Oil-rich states – including Alaska and Texas, as well as newer oil beneficiaries such as North Dakota – also are in favour of lifting restrictions as the bill includes revenue-sharing provisions for the states.

But the bill is opposed by independent US refiners as well as unions like US Steelworkers, consumer groups and environmentalists such as Sierra Club.

“We continue to work to make members of Congress aware of the negative impacts to consumers, the economy, and the US national security that would result from repeal of our 40-year-old energy independence law,” said Jay Hauck, spokesman for The Crude Coalition, which represents a number of oil refining companies.

While oil-producing countries – especially Opec members – also do not want a lifting of restrictions, US campaigners strenuously avoid any association on that front lest it hurt their cause.

“We do not seek and would not accept any support from foreign producers or Opec; that would not be helpful,” said one lobbyist who opposes the bill.

Despite the narrow Senate committee win (12-10), the bill has a long legislative road ahead and could ultimately face a veto by the US president Barack Obama even if it gets the necessary Congressional votes.

The bill may also run out of steam on its technical merits.

Skip York, an independent analyst at consultants Wood Mackenzie, argues that given the type of oil produced in the US, it would make more sense to sell different refined products to overseas markets rather than the crude oil itself.

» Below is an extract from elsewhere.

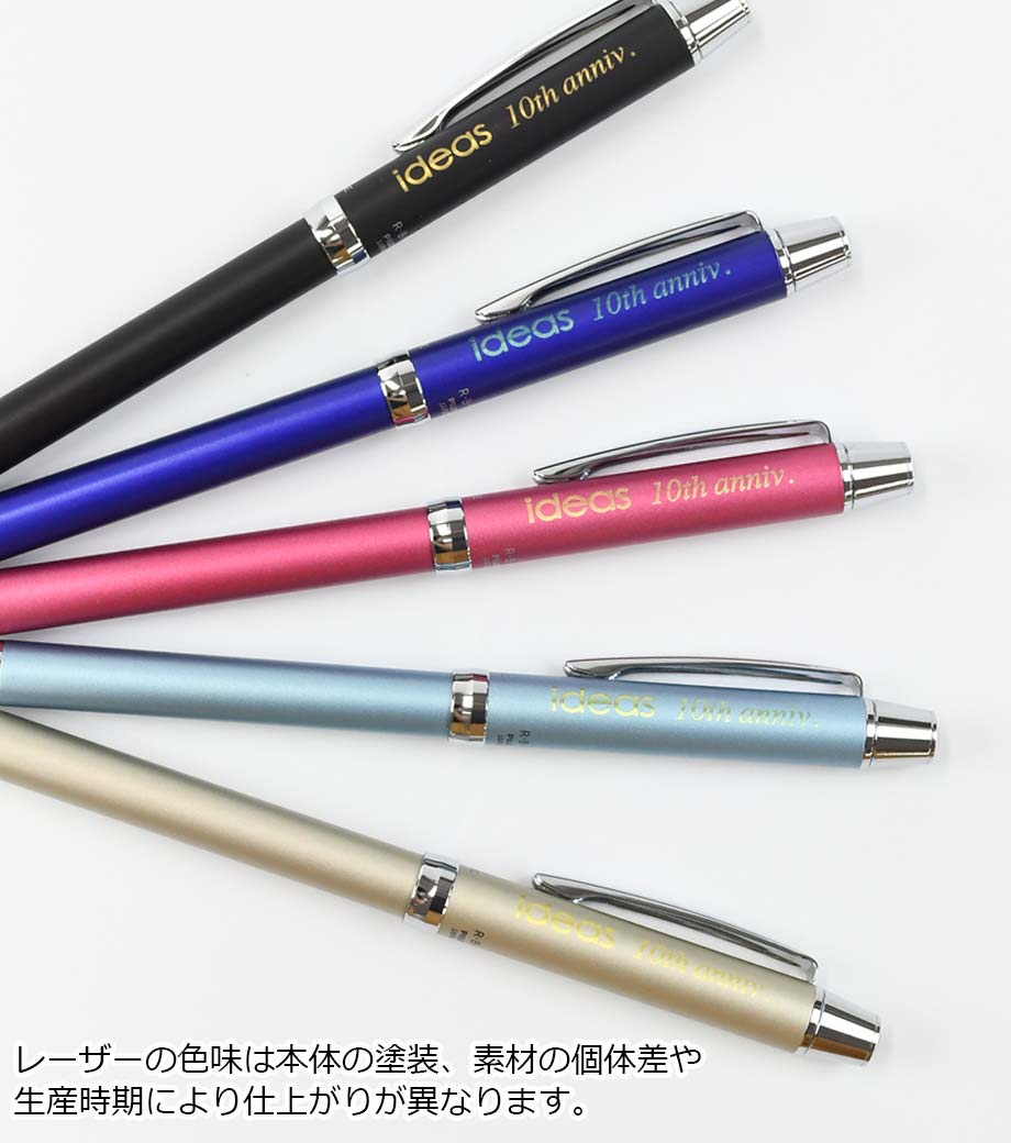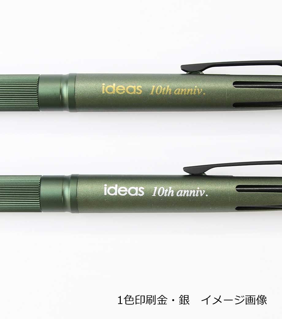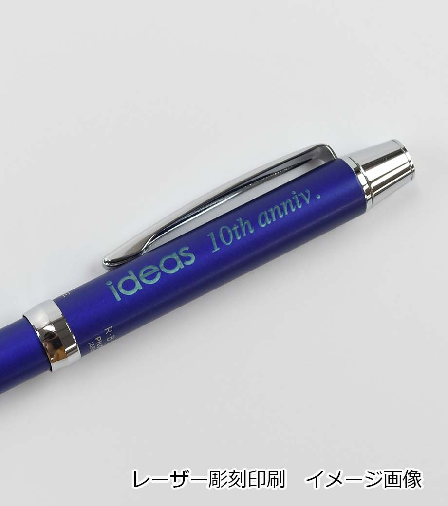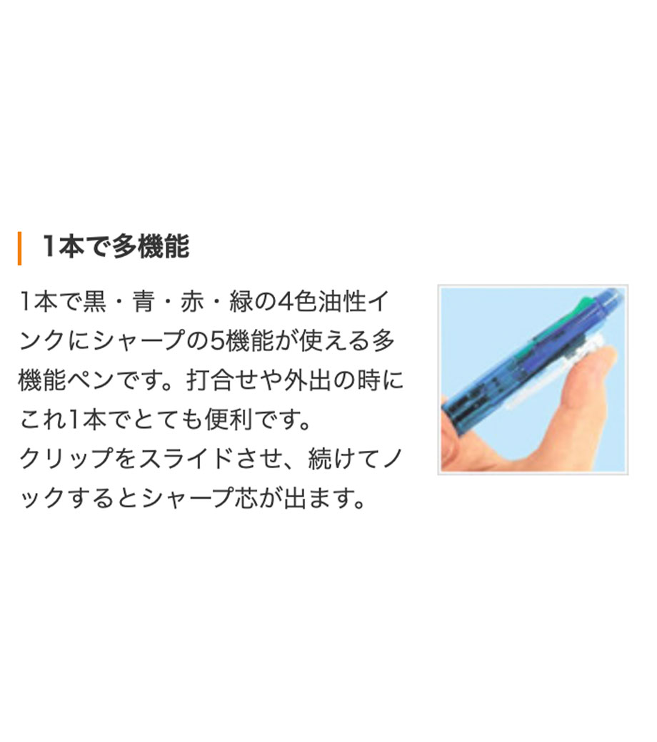 打合せや外出の時にこれ1本あれば他の筆記具は必要ないので便利です。本体カラーは黒、青、緑、白、透明の5色。本体側面に1色印刷が可能です。記念品としておすすめです。

“The quality of a US barrel that might be exported is not obvious,” Mr York said. “Our analysis suggests the best value for Eagle Ford condensate [which comes from one of the biggest recent shale oil finds, in Texas] is to split the barrel and sell cuts to a variety of markets,” with naphtha getting the best price in the US Gulf Coast, gas oil and diesel best going to Europe, and lighter products such as liquefied petroleum gas going to Asia.

But there are no legal restriction on those exports at present, which ultimately may undermine the need for a change in the law.